*** Opening Dataset excerpts ***

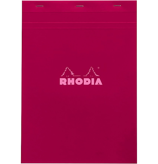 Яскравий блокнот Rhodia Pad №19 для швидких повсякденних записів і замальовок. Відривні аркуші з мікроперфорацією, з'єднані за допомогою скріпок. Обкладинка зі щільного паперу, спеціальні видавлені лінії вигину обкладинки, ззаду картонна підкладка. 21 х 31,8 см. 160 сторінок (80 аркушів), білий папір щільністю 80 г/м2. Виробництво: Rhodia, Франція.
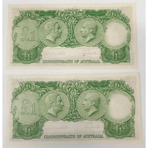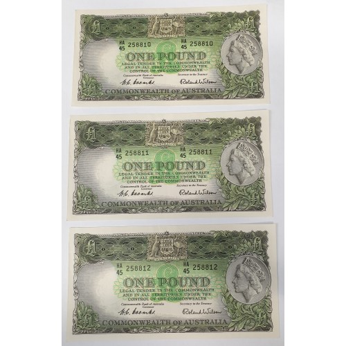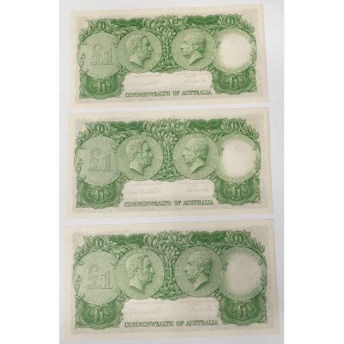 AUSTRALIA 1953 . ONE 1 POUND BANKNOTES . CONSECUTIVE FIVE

*** Closing Dataset excerpts ***
*** Opening Dataset excerpts ***

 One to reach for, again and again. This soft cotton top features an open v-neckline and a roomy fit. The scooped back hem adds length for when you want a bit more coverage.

*** Closing Dataset excerpts ***
*** Opening Dataset excerpts ***

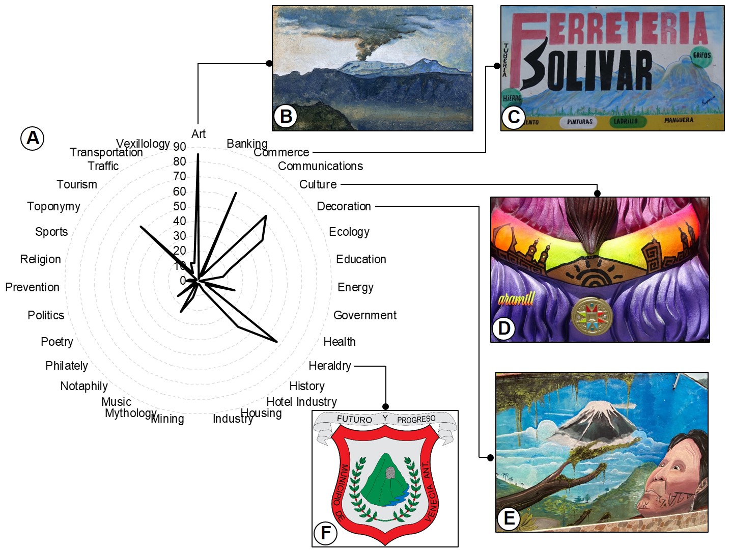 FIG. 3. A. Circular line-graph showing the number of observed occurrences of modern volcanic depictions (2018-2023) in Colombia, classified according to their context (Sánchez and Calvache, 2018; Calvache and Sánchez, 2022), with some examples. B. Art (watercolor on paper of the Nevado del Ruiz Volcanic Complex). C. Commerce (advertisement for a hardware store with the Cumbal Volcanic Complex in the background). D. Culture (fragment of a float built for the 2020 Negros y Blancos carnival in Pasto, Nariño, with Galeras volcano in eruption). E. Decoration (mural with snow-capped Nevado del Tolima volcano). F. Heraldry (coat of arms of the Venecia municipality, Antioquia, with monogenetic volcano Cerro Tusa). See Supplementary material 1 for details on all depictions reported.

*** Closing Dataset excerpts ***

An exact copy is needed of the stretch above that opens with the line containing "Яскравий блокнот Rhodia" and closes with the line containing "AUSTRALIA 1953 ."; the pictures are not part of it.

* [Final answer]
 Яскравий блокнот Rhodia Pad №19 для швидких повсякденних записів і замальовок. Відривні аркуші з мікроперфорацією, з'єднані за допомогою скріпок. Обкладинка зі щільного паперу, спеціальні видавлені лінії вигину обкладинки, ззаду картонна підкладка. 21 х 31,8 см. 160 сторінок (80 аркушів), білий папір щільністю 80 г/м2. Виробництво: Rhodia, Франція.
 AUSTRALIA 1953 . ONE 1 POUND BANKNOTES . CONSECUTIVE FIVE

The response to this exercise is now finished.